## Goal of the exercise
Copy the lines running from the one that contains "Add a touch" to the end of the entries below, exactly and with no pictures.

Data items
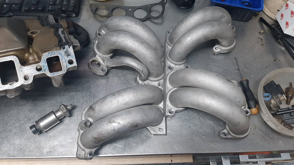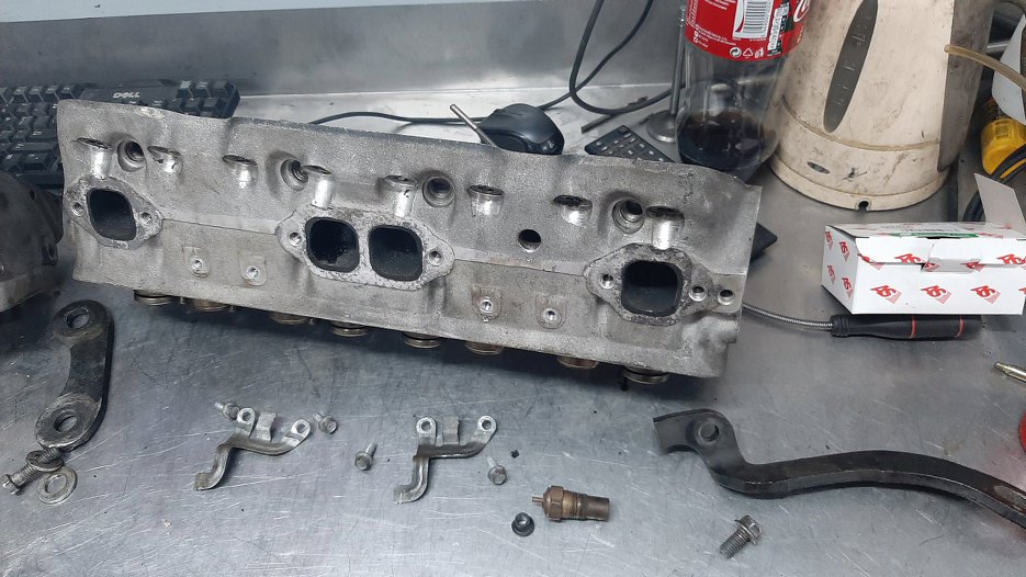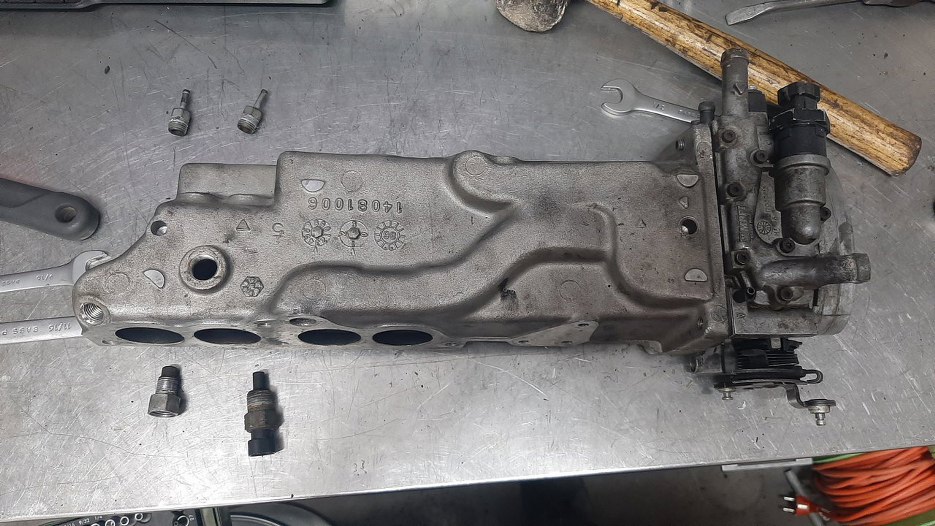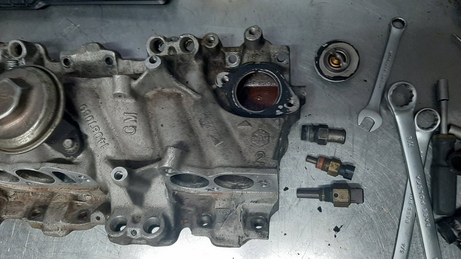 Wykręciłem też króćce, czujniki i takie tam. Co ciekawe, kolektor i głowice są aluminiowe, a kolanko termostatu, chyba łatwiejsze do wykonania, jest jednak żeliwne.
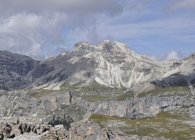 El Pizes de Puez alcanza una altura de 2.918 metros, con acantilados de piedra caliza y formaciones rocosas características dentro del Parque Natural Puez-Odle.
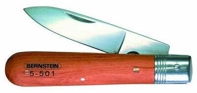 Kábelvágó kés Acél pengével, Fa betéttel és huzal hántoló. Műszaki adatok: Anyag: Acél · Méret, hossz: 200 mm · Penge hossz: 90 mm · Súly: 77 g
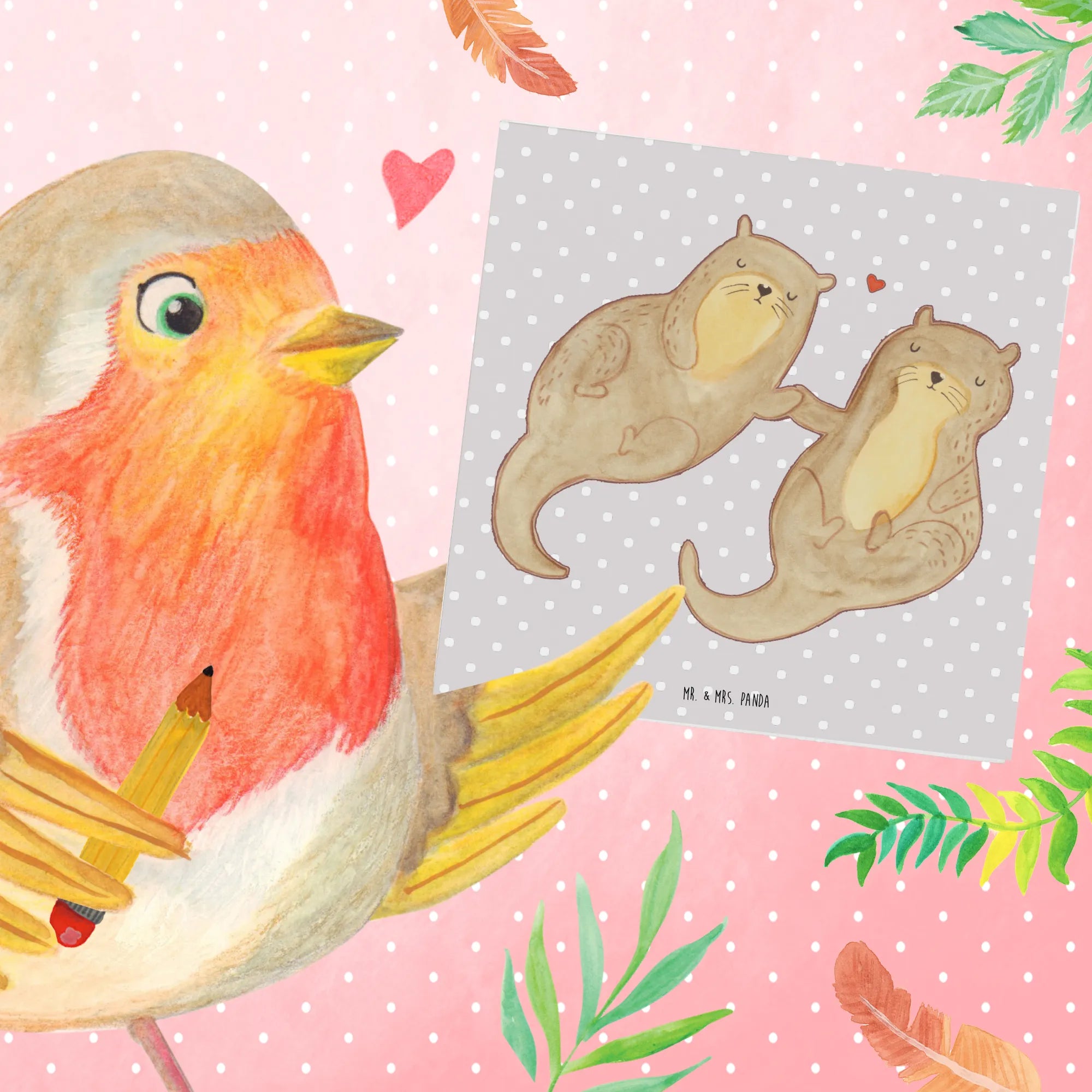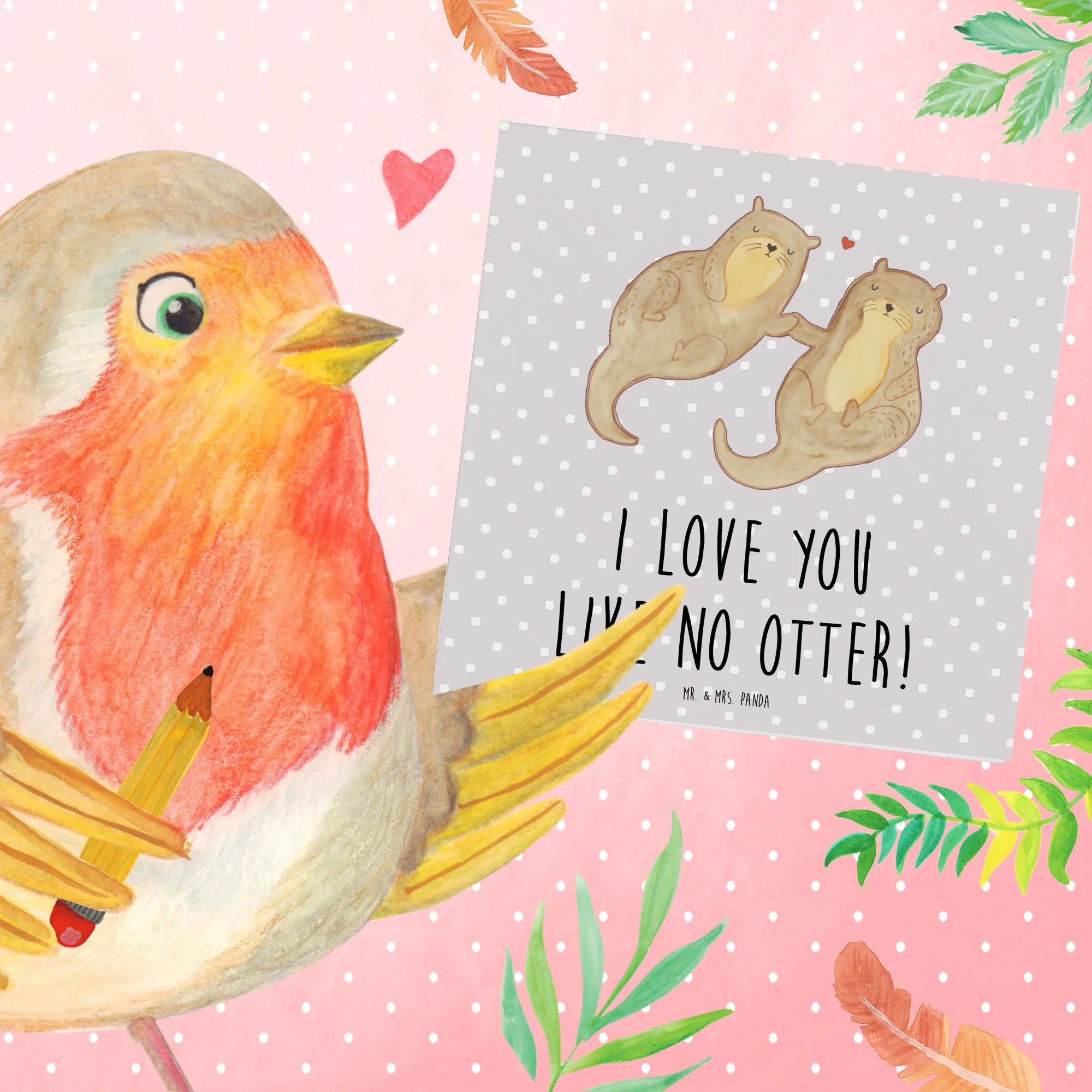 Entdecke die perfekte Grußkarte von Mr. & Mrs. Panda mit einem liebevollen Motiv von zwei händchenhaltenden Ottern. Diese Deluxe Karte ist nicht nur ein einfacher Gruß, sondern ein Stück Herz, das du teilen kannst!
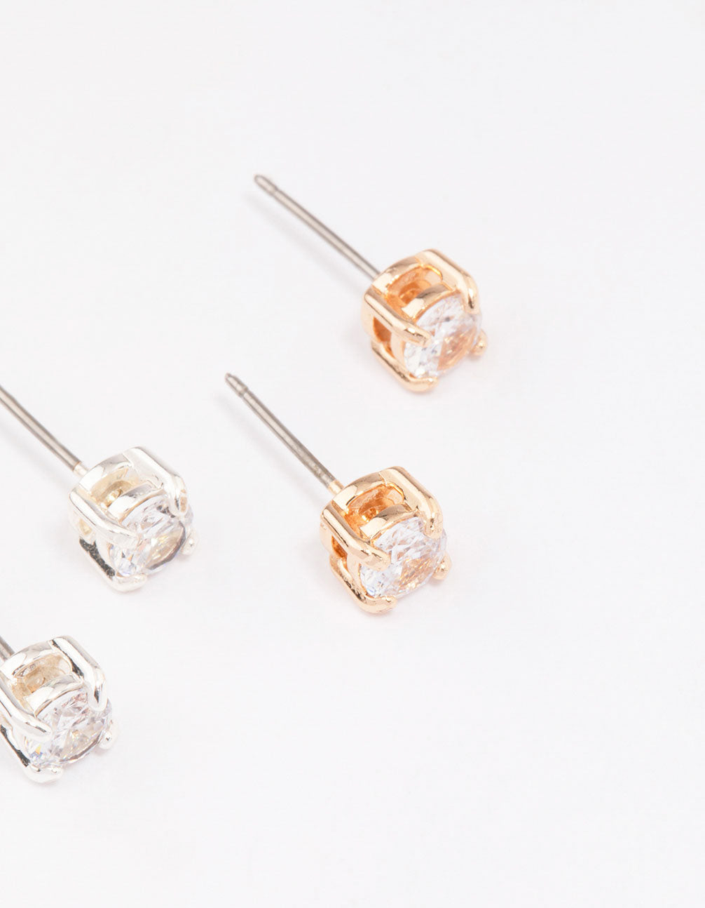 Add a touch of sparkle to your stack with these dazzling stud earrings. This earring pack includes two pairs of studs, one in a gold setting and the other in silver. Perfect for mixing your metals, or styling solo!
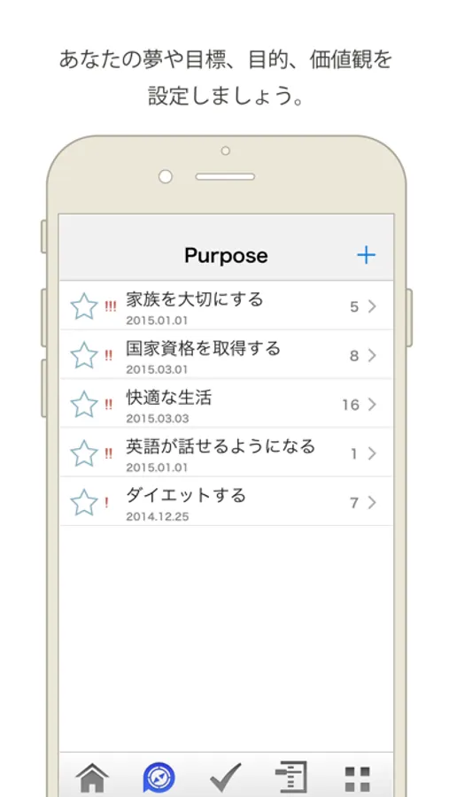 あなたの夢や目標・目的、価値観や願望を設定しましょう。Pastlyzeを上手に使うには、上手なPurposeの設定が重要となります。自身の人生設計において基盤となる部分です。
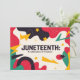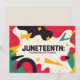 Send warm wishes for Juneteenth with this vibrant and artistically designed artwork. Featuring a cheerful "Happy Juneteenth" message in a unique block-print style with symbolic elements, this design is a wonderful way to celebrate Freedom Day. Perfect for expressing joy and the spirit of liberation on this important day in African American history.
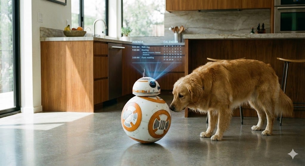 O que eles fazem? Eles podem monitorar idosos, brincar com o cachorro, projetar receitas na bancada da cozinha e até identificar se você esqueceu o fogão ligado, enviando um alerta. Dessa forma, a casa inteligente deixa de ser passiva e passa a cuidar de você ativamente.

## Expected answer
 Add a touch of sparkle to your stack with these dazzling stud earrings. This earring pack includes two pairs of studs, one in a gold setting and the other in silver. Perfect for mixing your metals, or styling solo!
 あなたの夢や目標・目的、価値観や願望を設定しましょう。Pastlyzeを上手に使うには、上手なPurposeの設定が重要となります。自身の人生設計において基盤となる部分です。
 Send warm wishes for Juneteenth with this vibrant and artistically designed artwork. Featuring a cheerful "Happy Juneteenth" message in a unique block-print style with symbolic elements, this design is a wonderful way to celebrate Freedom Day. Perfect for expressing joy and the spirit of liberation on this important day in African American history.
 O que eles fazem? Eles podem monitorar idosos, brincar com o cachorro, projetar receitas na bancada da cozinha e até identificar se você esqueceu o fogão ligado, enviando um alerta. Dessa forma, a casa inteligente deixa de ser passiva e passa a cuidar de você ativamente.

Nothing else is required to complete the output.